_SUPPLIED MATERIAL_.
#####

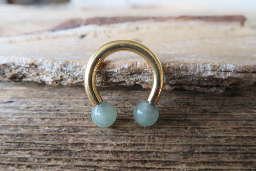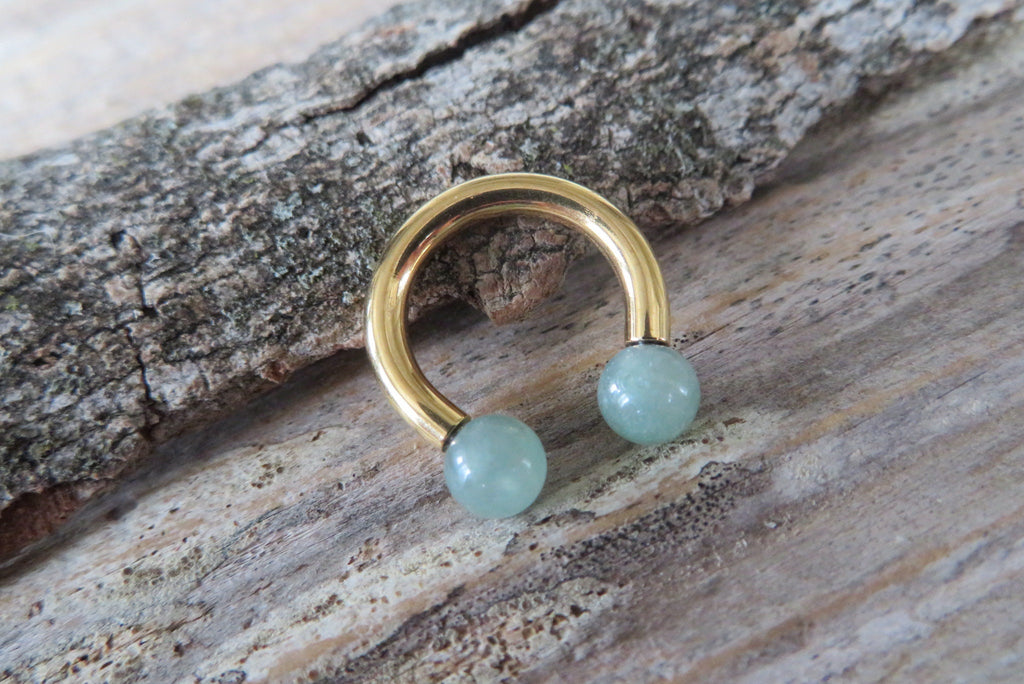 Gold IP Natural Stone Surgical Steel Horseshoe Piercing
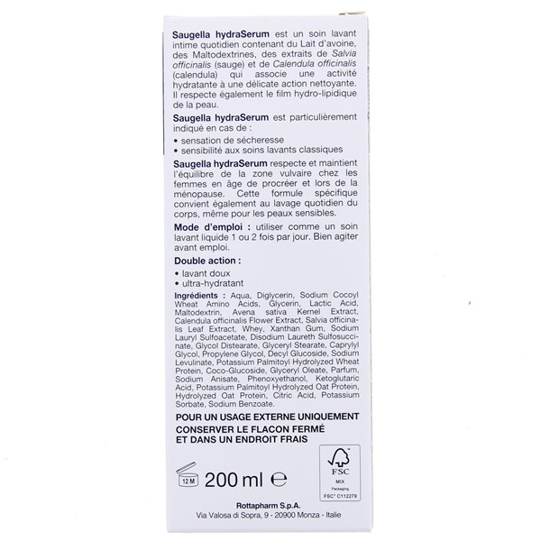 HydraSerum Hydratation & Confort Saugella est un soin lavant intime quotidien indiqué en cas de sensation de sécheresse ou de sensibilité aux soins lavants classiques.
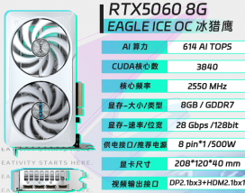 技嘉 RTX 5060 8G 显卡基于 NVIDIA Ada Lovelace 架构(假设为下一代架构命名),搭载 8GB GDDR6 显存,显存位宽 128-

#####

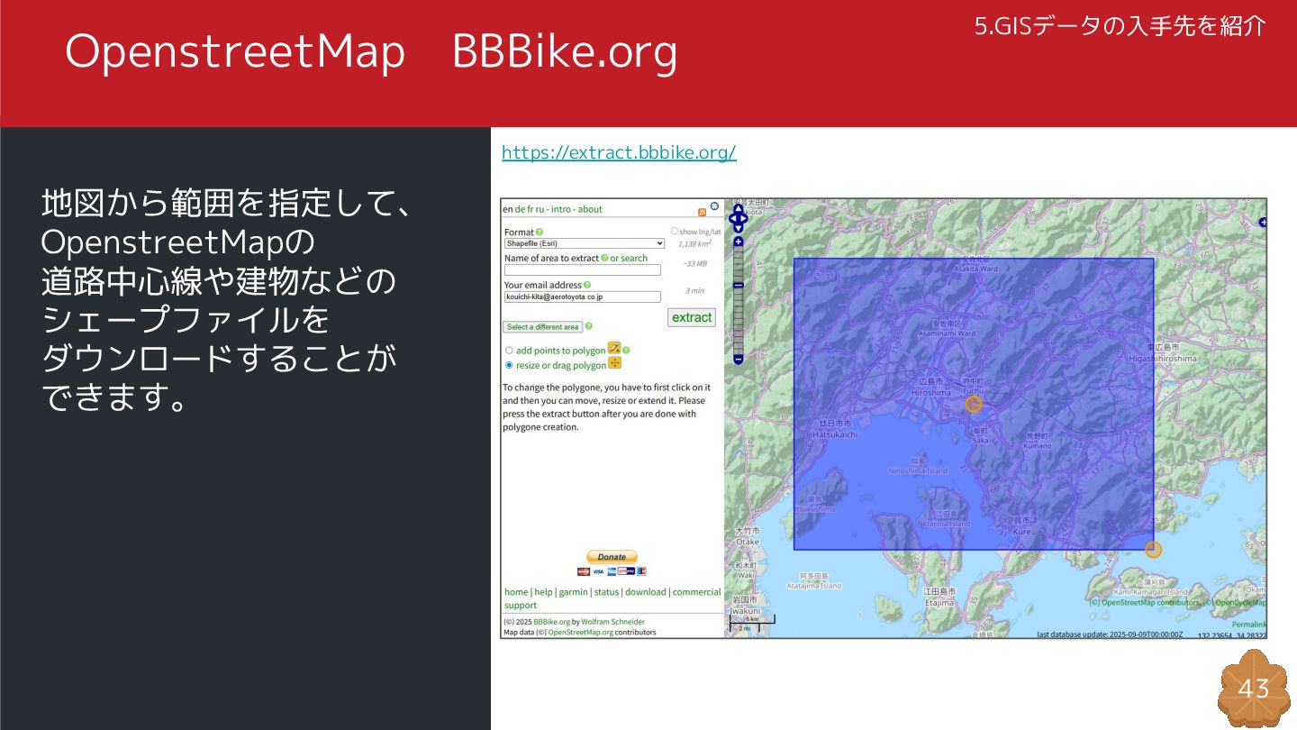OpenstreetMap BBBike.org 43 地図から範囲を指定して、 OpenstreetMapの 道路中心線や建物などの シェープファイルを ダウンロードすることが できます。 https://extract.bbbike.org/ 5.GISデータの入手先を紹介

#####

_YOUR TASK_.
Of the lines above, copy only those from the one holding "HydraSerum Hydratation &" to the one holding "技嘉 RTX 5060", both included, and exclude every image.

_OUTPUT FOR THIS TASK_.
 HydraSerum Hydratation & Confort Saugella est un soin lavant intime quotidien indiqué en cas de sensation de sécheresse ou de sensibilité aux soins lavants classiques.
 技嘉 RTX 5060 8G 显卡基于 NVIDIA Ada Lovelace 架构(假设为下一代架构命名),搭载 8GB GDDR6 显存,显存位宽 128-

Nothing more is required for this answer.